* **PROBLEM TO SOLVE**
Could you output each line below precisely as it stands, without the images?

* **INFORMATION SUPPLIED**
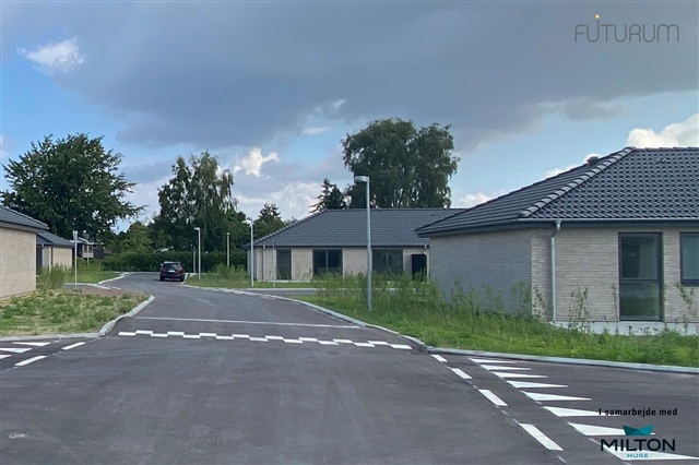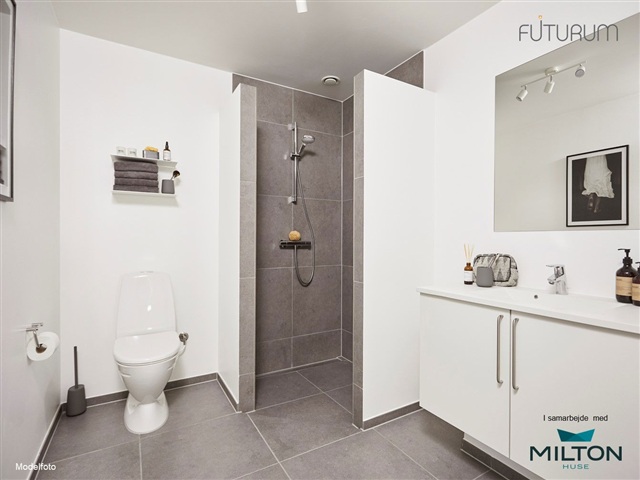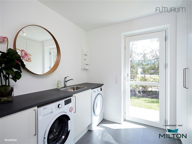 The bathroom features large anthracite tiles on the floor, a molded sink, an Ifö toilet, and all fittings are German-made by Hans Grohe. The shower niche is equipped with a designer drain, and the fixed bathroom units-comprising a washbasin and mirror-are from HTH. Climate control is managed wirelessly, with underfloor heating installed throughout all rooms. A sound-insulated heat recovery ventilation system is also in place. Lighting includes recessed spotlights in the bathroom, utility room, and entrance. Outside, there is a water tap and a mailbox located by the home.
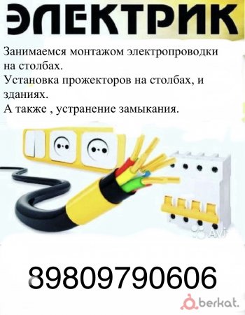 Занимаемся монтажом электропроводки на столбах. Установка прожекторов на столбах, и зданиях. А также , устранение замыкания.
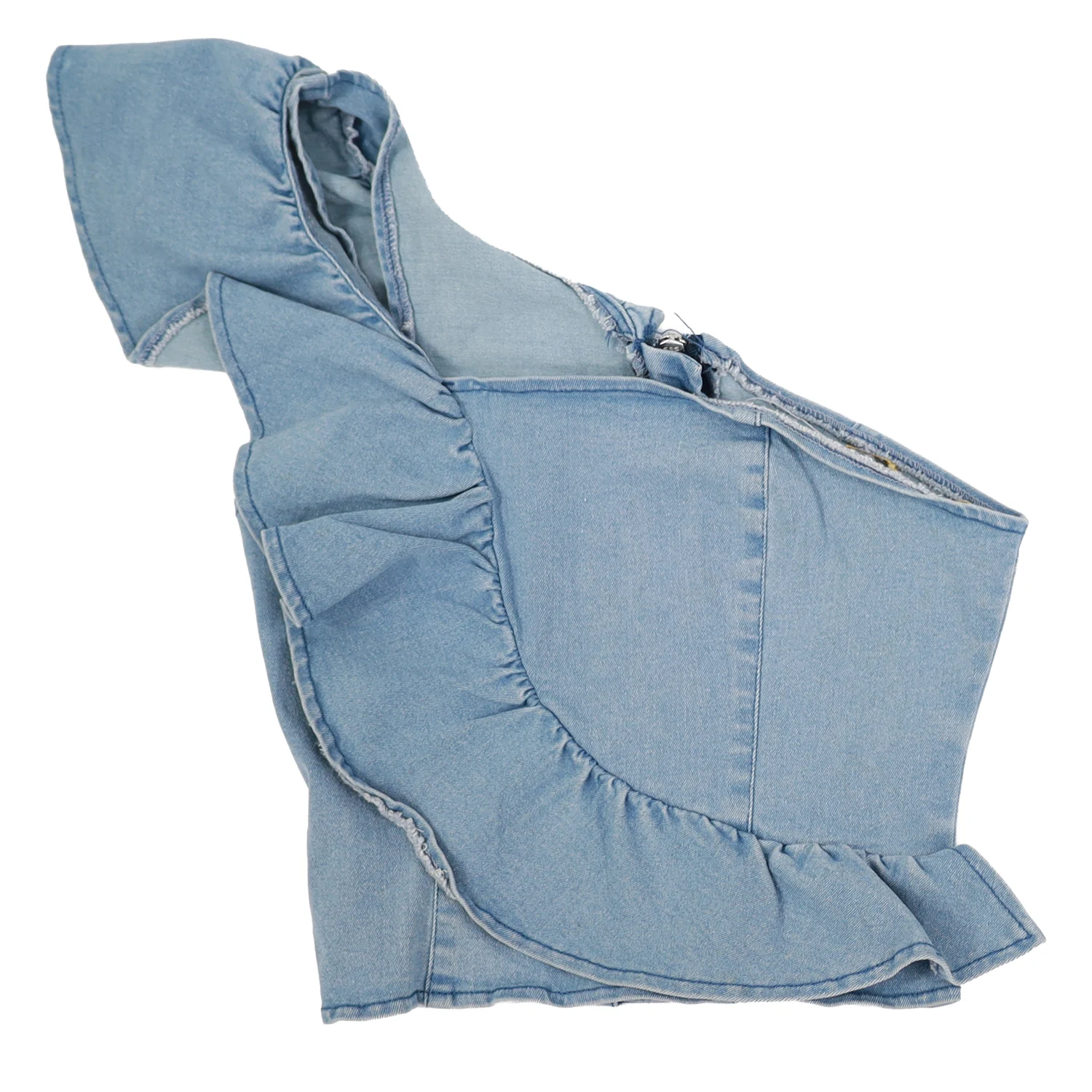 BLUSA DE DENIN DE UN HOMBRO CON FARALADO

* **RESPONSE TO THIS TASK**
 The bathroom features large anthracite tiles on the floor, a molded sink, an Ifö toilet, and all fittings are German-made by Hans Grohe. The shower niche is equipped with a designer drain, and the fixed bathroom units-comprising a washbasin and mirror-are from HTH. Climate control is managed wirelessly, with underfloor heating installed throughout all rooms. A sound-insulated heat recovery ventilation system is also in place. Lighting includes recessed spotlights in the bathroom, utility room, and entrance. Outside, there is a water tap and a mailbox located by the home.
 Занимаемся монтажом электропроводки на столбах. Установка прожекторов на столбах, и зданиях. А также , устранение замыкания.
 BLUSA DE DENIN DE UN HOMBRO CON FARALADO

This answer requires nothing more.